The Chelsea Market, located in a restored historic Nabisco factory and headquarters, is a festival marketplace that hosts a variety of shopping and dining options, including bakeries, restaurants, a fish market, wine store, and many others.

Peter McManus Cafe, a bar and restaurant on Seventh Avenue at 19th Street, is among the oldest family-owned and -operated bars in the city.

The Empire Diner was an art moderne diner at 210 Tenth Avenue at 22nd Street that appeared in several movies and was mentioned in Billy Joel's song "Great Wall of China". Designed by Fodero Dining Car Company, it was built in 1946 and was altered in 1979 by Carl Laanes. The diner closed on May 15, 2010; reopened briefly as "The Highliner", and again re-opened under its original name in January 2014 before closing permanently in December 2015 due to failure to pay rent.

===Cultural===
Pike's Opera House was built in 1868, and bought the next year by James Fisk and Jay Gould, who renamed it the Grand Opera House. Located on the corner of Eighth Avenue and 23rd Street, it survived until 1960 as an RKO movie theater.

The Irish Repertory Theatre is an Off-Broadway theatrical company on West 22nd Street producing plays by Irish and Irish-American writers.

The Joyce Theater, located in the former Elgin Theater at 175 Eighth Avenue, near 19th Street, is in a 1941 movie house that closed in 1978. The Elgin was completely renovated to create in the Joyce a venue suitable for dance, and was reopened in 1982.

The Kitchen is a performance space at 512 West 19th Street. It was founded in Greenwich Village in 1971 by Steina and Woody Vasulka, taking its name from the original location, the kitchen of the Mercer Arts Center.

The warehouse building at 530 West 27th Street, which was the site of The Sound Factory & Twilo, as well as several other megaclubs in the 1980s and 1990s, was acquired in 2011 by the British theater company Punchdrunk, who converted it into "The McKittrick Hotel", a five-story, 100000 sqft performance space housing their immersive site-specific theatrical production, Sleep No More. The building, along with those at 532 and 542 West 27th Street, was also the location of several restaurants and event venues, and featured other shows such as 'Speakeasy Magick', featuring Todd Robbins, Jason Suran, and Matthew Holtzclaw. The McKittrick and associated spaces closed in 2025 following the end of Sleep No Mores theatrical run.

New York Live Arts is a dance organization located at 219 West 19th Street between 7th and 8th Avenues.

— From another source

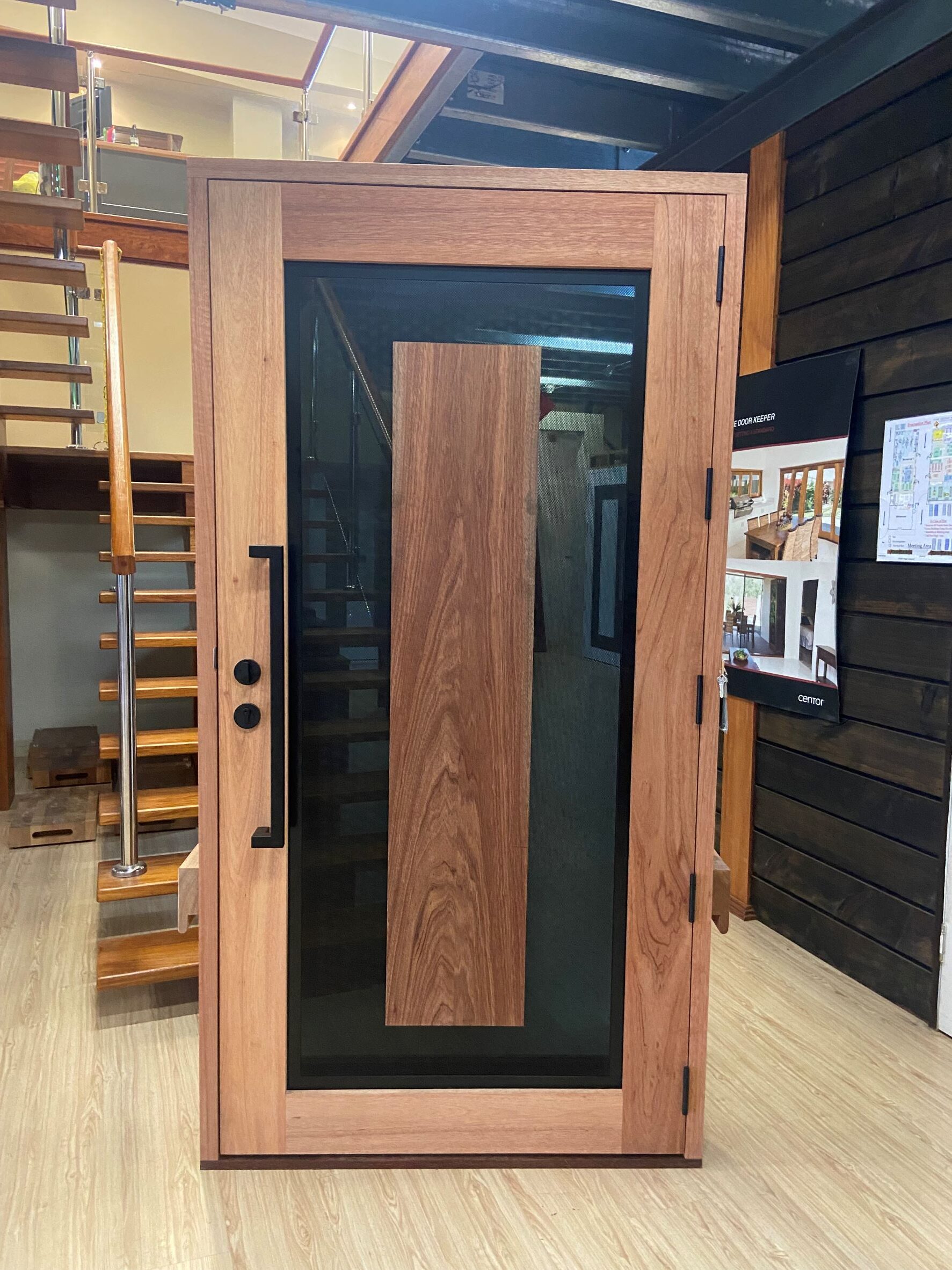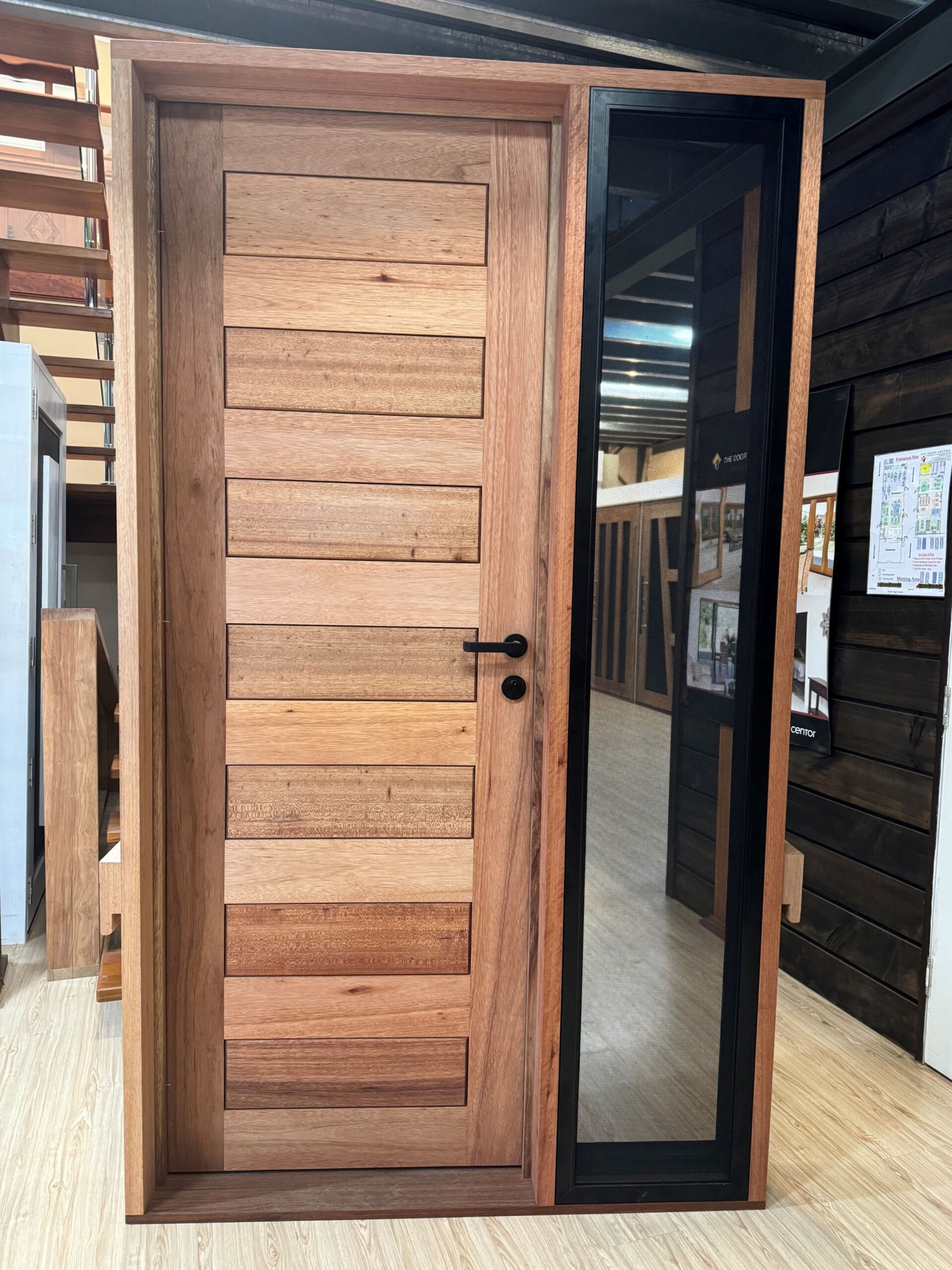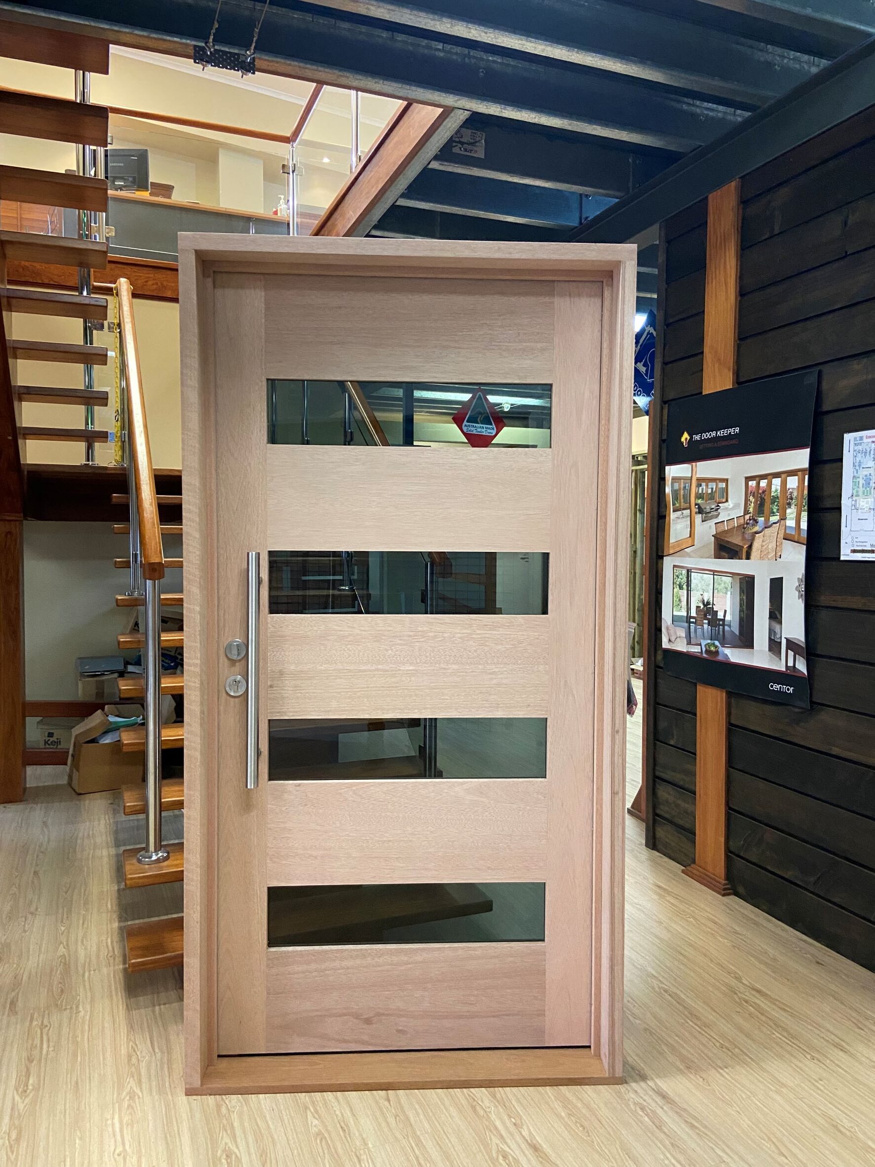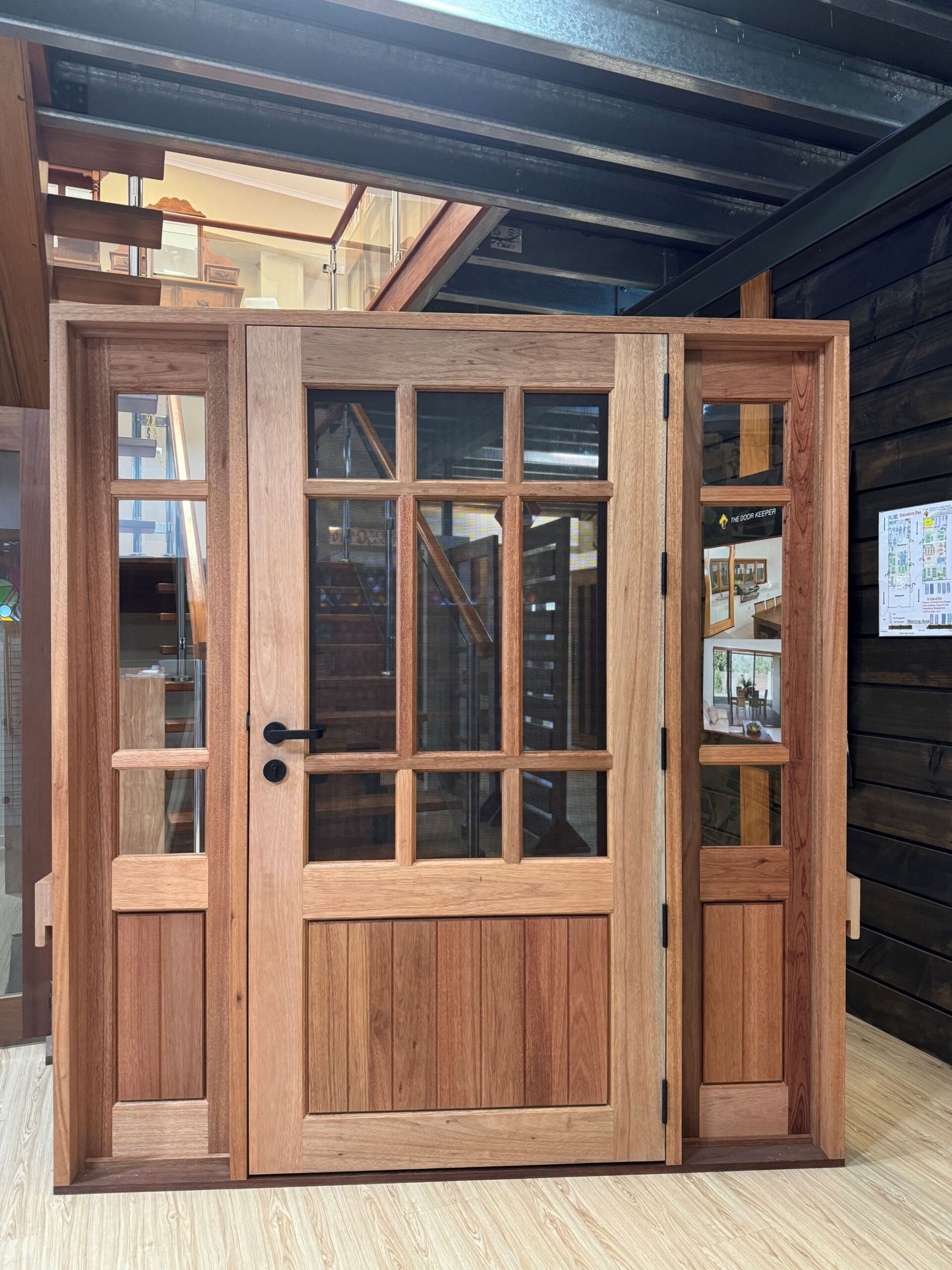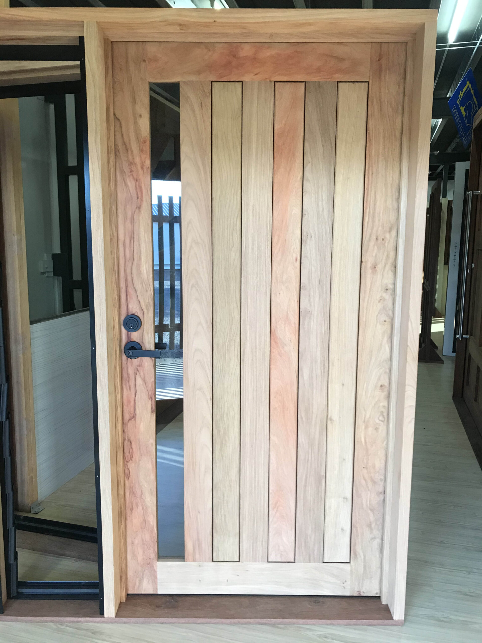 For those who prefer a full timber door, Tirari’s alternating broad and narrow horizontal panels present a contemporary appeal.

The Rubin Museum of Art is a museum dedicated to the collection, display, and preservation of the art of the Himalayas and surrounding regions, especially that of Tibet. It was located at 150 West 17th Street between Avenue of the Americas (Sixth Avenue) and Seventh Avenue. While the museum still exists as an institution, its Chelsea building closed on October 6, 2024.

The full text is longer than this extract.